Atmosfera w Hell's Kitchen jest skutecznie podgrzewana przez Wojciecha "Amaro" Basiurę. Pod jego nieobecność produkcja dba o to, żeby emocje nie opadały. Uczestnicy, podobnie jak w poprzednich edycjach, zostali więc przykładnie ukarani. Kazano im zjeść różne nieapetyczne części ciała zwierząt: ozory, nerki, oczy, a nawet wołowego penisa. Na planie towarzyszyła im jedna z gwiazd serialu Ranczo, Elżbieta Romanowska, która nie wyglądała na zachwyconą.
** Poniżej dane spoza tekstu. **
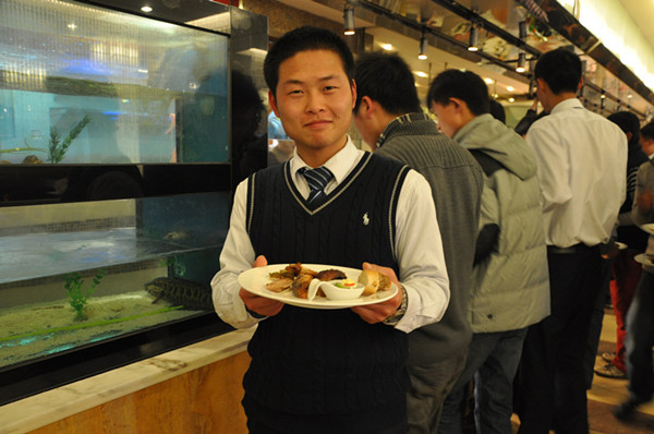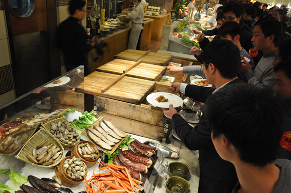 今年我们的年会在金钱豹举行,消息传来,不少朋友羡慕:你们的年会真给力!同事们更是早早就开始期盼,为此,企业发展中心的李楠还写了一篇自助餐功略发到网上。到了金钱豹,装修豪华自不必说,各样美食让人看花了眼,日式料理区的生鱼片种类繁多,入口即化,冰镇大生蚝、三文鱼还有各种各样的刺身琳琅满目。大虾“帝王蟹”味道鲜美、红酒雪耳雪梨燕窝羹喝着过瘾、鲍鱼、鱼翅、牛排、更不用说慕斯、提拉米苏、甜点和无限量供应的哈根达斯。红酒、德国百威。很多只在杂志上看过的美食,活生生的呈现在你面前。还等什么呢?在田总主持举行完举杯仪式后,大家就开动了,一时间大厅内人声鼎沸,热闹非凡。尤其是鲍鱼汤前,排满了长队。光有吃的还不行,公司还将部分节目安排在自助餐区的舞台进行表演。为大家助兴。大家一边吃着美食,饮着啤酒干红,一边和舞台上的演员互动,有的的已经在台下和着旋律舞动起来。市场部的街舞串烧更是把引爆了全场的气氛,奔放的舞蹈,动感的旋律,大家都被这种气氛所感染,舞蹈一结束,就争相与演员合影,就连季总和田总也上台和演员们进行合影。舞台附近一时被挤的水泄不通,有的甚至站在凳子上一睹为快。在表演间隙,还有抽奖环节,抽奖环节更是热闹非凡。不管是中奖的还是没中奖的,大家都是乐呵呵的,要的就是这个气氛。一时间,吃的,玩的,中奖的,全都有了!金钱豹的工作人员都连称,称没见过开年会这么热闹的。这就是中鑫汽车,工作要做的尽心尽力,玩起来也要玩的够HIGH够过瘾!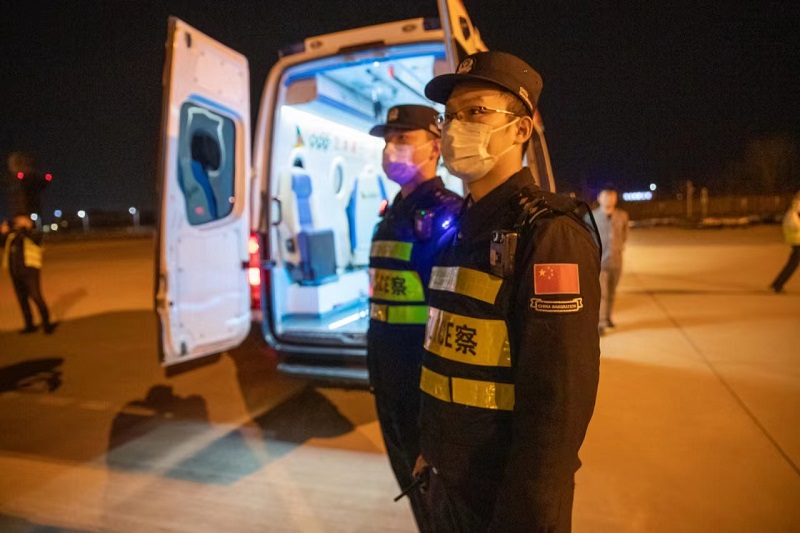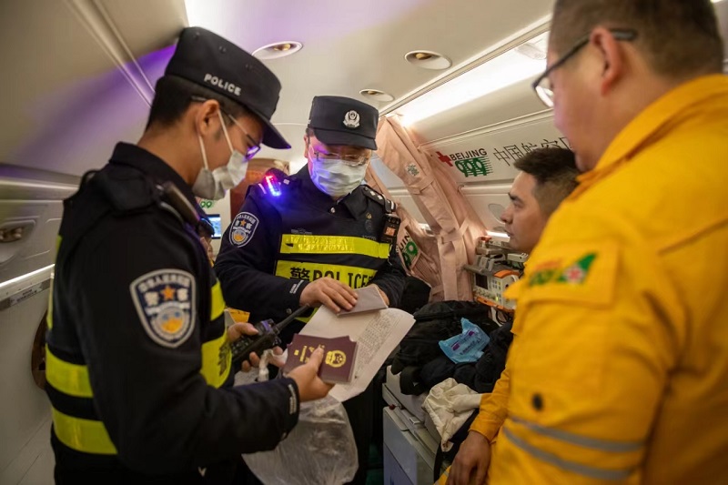 石家莊邊檢站第一時間啟動緊急救助預案,開通“生命救助通道”,暢通與航空公司聯絡,了解掌握航班動態(tài)、旅客情況,選派經驗豐富的民警負責專項勤務,靠前抵達停機坪為旅客進行人證對照。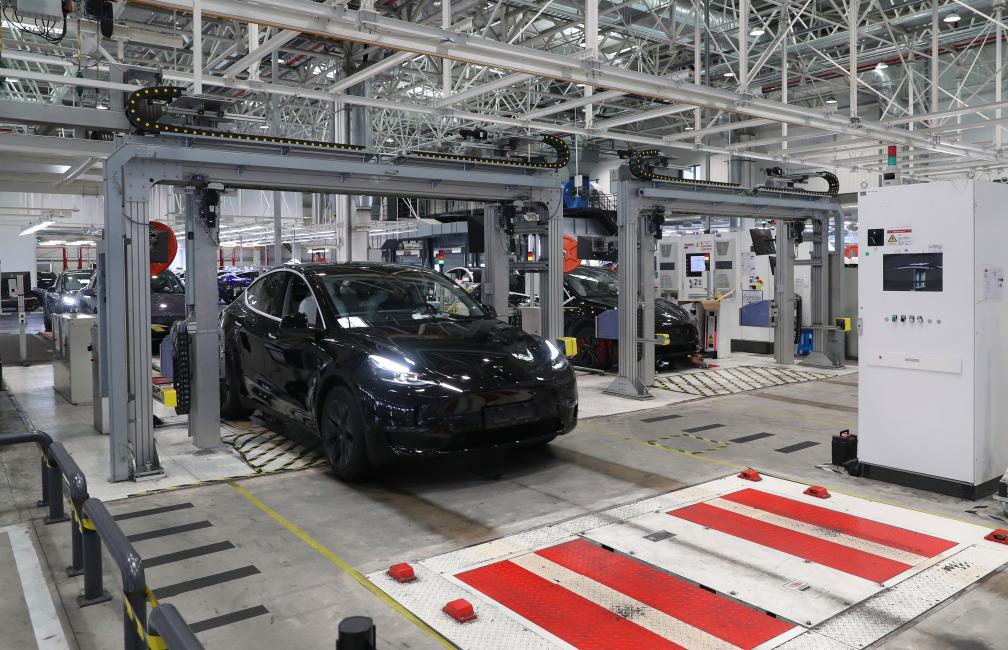 12月22日,在特斯拉上海超級工廠內(nèi),一輛特斯拉電動汽車在進行出廠前的車載電子設(shè)備檢測。新華社記者方喆 攝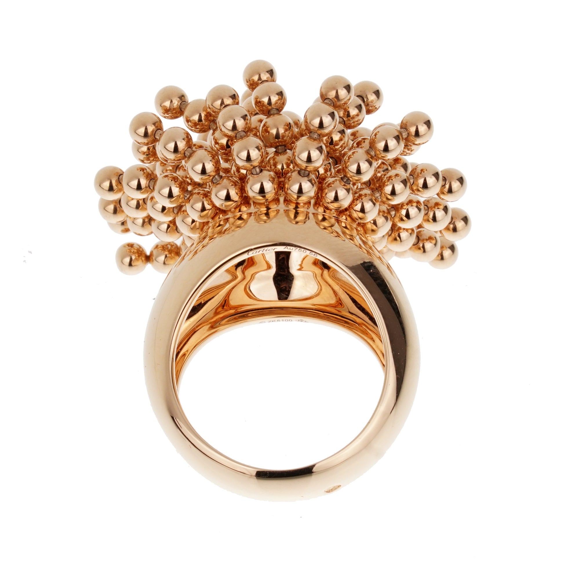 Each sphere is seamlessly integrated into the design, showcasing Carthttier?¡¥s precision and attention to detail. The spheres appear to be delicately suspended, adding a sense of lightness and fluidity to the bold composition. The dynamic arrangement evokes a sense of motion and liveliness, making the ring feel both contemporary and timeless.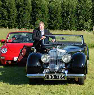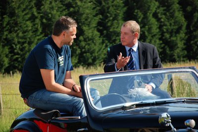 'Wedding Car.co.uk' were called upon in the summer to supply a Triumph Roadster for Norwegian TV channel TV2. They wanted to film an interview with John Nettles on the set of Midsomer Murders. John used to drive a Triumph Roadster around Jersey in the old TV detective series 'Bergerac' so this car proved to be the perfect prop!

To jakiś koszmar. Byle nie ozór. No to wyszły nerki. Czy chcę to próbować? Niekoniecznie. Walczymy o każdy kęs.
Wydaje się, że nieco trudniejsze zadanie miała Klaudia, która została zmuszona do zjedzenia wołowego penisa. Pozostali uczestnicy nie pomagali: "Patrzcie, Klaudia przeżuwa tego penisa Ruszała żuchwą w prawo, w lewo, w górę, w dół. Staje w gardle?".
Odpowiedziała: "Myślałam, że zrzygam. Tragedia".
Zobaczcie, jak walczy się o oglądalność w Polsacie. Smacznego.